Assignment: Binary Classification with Logistic Regression

In this assignment, you will work with the Iris dataset to perform binary classification using logistic regression. The Iris dataset contains samples from three different species of iris flowers, but for this assignment, you will focus on classifying Iris Setosa (class 0) versus the combination of the other two classes (class 1).

Here are the steps you need to follow for this assignment:

Step 1: Load the Iris dataset

Load the Iris dataset using sklearn.datasets.load_iris().
Extract the feature matrix X and the target vector y.


Step 2: Preprocess the data

To convert this problem into binary classification, create a new target vector y_binary where Iris Setosa (class 0) is labeled as 1, and the other two classes are labeled as 0.


Step 3: Split the dataset

Split the dataset into training and testing sets using train_test_split() from sklearn.model_selection.
Use 80% of the data for training and 20% for testing. Set the random_state to ensure reproducibility.

Step 4: Define the cost function (logistic loss)

Implement the logistic loss function, which calculates the cost of your model's predictions.

Step 5: Define the training function

Implement a training function that uses gradient descent to optimize the logistic regression model.
The function should take input data, learning rate, number of iterations, and regularization parameter as arguments.

Step 6: Train the model

Use the training function to train your logistic regression model on the training data.
Obtain the weight vector W and bias term b.


Step 7: Define the prediction function

Implement a prediction function that takes input data and the trained model's weights and bias.
The prediction function should use the logistic sigmoid function to make binary predictions (0 or 1).


Step 8: Predict on the test set

Use the prediction function to predict the classes for the test set X_test using the obtained weights and bias.


Step 9: Evaluate the model's performance

Calculate the accuracy of your model using accuracy_score() from sklearn.metrics.
Generate the confusion matrix using confusion_matrix() from sklearn.metrics.
Generate the classification report using classification_report() from sklearn.metrics.
Print out the accuracy, confusion matrix, and classification report to evaluate your model's performance.
Make sure to comment your code and provide explanations for each step.
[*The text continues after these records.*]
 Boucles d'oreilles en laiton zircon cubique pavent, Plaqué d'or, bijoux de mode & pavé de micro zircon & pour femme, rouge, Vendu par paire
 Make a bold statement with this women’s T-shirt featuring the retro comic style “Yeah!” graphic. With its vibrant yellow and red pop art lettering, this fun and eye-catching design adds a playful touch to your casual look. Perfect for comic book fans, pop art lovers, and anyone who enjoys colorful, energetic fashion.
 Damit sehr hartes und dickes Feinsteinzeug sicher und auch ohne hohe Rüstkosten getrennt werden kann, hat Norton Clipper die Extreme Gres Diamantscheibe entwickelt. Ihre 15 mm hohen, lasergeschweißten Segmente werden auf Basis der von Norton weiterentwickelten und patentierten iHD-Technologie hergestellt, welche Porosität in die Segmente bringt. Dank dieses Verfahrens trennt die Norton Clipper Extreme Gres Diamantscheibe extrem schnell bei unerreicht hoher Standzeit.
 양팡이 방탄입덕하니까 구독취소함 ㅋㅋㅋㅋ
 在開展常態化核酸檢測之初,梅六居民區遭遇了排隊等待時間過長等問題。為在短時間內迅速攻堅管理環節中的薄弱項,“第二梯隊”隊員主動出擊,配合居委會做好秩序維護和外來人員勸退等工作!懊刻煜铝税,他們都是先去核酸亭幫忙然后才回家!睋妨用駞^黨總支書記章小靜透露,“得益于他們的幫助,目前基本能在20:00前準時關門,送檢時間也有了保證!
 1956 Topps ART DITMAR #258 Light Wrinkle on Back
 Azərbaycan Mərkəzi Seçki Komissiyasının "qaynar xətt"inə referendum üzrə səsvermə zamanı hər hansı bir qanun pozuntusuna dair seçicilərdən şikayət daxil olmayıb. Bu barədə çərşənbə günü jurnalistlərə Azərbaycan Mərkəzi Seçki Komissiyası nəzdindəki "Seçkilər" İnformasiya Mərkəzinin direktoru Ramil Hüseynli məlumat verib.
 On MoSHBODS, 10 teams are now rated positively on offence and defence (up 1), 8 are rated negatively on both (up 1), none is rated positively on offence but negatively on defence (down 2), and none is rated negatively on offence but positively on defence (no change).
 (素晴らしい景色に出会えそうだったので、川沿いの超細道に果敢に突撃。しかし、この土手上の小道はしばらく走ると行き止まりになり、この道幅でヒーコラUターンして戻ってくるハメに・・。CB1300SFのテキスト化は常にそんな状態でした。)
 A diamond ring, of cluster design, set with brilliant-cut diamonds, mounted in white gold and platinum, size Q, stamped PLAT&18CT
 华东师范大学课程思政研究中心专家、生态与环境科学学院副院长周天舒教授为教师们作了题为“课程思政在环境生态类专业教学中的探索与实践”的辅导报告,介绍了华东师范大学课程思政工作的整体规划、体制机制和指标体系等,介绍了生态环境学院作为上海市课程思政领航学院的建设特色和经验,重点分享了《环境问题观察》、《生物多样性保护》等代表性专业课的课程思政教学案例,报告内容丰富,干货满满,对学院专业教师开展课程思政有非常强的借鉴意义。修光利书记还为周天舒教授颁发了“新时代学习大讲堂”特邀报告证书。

This assignment will help you understand the basics of binary classification, logistic regression, and how to evaluate the performance of your model using various metrics.

In [103]:
import numpy as np
from sklearn.datasets import load_iris
import pandas as pd
from sklearn.model_selection import train_test_split
from sklearn.metrics import accuracy_score, confusion_matrix, classification_report
import matplotlib.pyplot as plt


In [104]:
# Step 1: Load the Iris dataset
iris = load_iris()

In [105]:
# Read the shape of the data
iris.data.shape

(150, 4)

In [106]:
X = iris.data  # Feature matrix X
y = iris.target  # Target vector y

In [107]:
# Create a binary target vector
y_binary = np.where(y == 0, 1, 0)
y_binary

array([1, 1, 1, 1, 1, 1, 1, 1, 1, 1, 1, 1, 1, 1, 1, 1, 1, 1, 1, 1, 1, 1,
       1, 1, 1, 1, 1, 1, 1, 1, 1, 1, 1, 1, 1, 1, 1, 1, 1, 1, 1, 1, 1, 1,
       1, 1, 1, 1, 1, 1, 0, 0, 0, 0, 0, 0, 0, 0, 0, 0, 0, 0, 0, 0, 0, 0,
       0, 0, 0, 0, 0, 0, 0, 0, 0, 0, 0, 0, 0, 0, 0, 0, 0, 0, 0, 0, 0, 0,
       0, 0, 0, 0, 0, 0, 0, 0, 0, 0, 0, 0, 0, 0, 0, 0, 0, 0, 0, 0, 0, 0,
       0, 0, 0, 0, 0, 0, 0, 0, 0, 0, 0, 0, 0, 0, 0, 0, 0, 0, 0, 0, 0, 0,
       0, 0, 0, 0, 0, 0, 0, 0, 0, 0, 0, 0, 0, 0, 0, 0, 0, 0])

In [117]:
#Step 3: Split the dataset
#Split the dataset into training and testing sets using train_test_split() from sklearn.model_selection. Use 80% of the data for training and 20% for testing. Set the random_state to ensure reproducibility.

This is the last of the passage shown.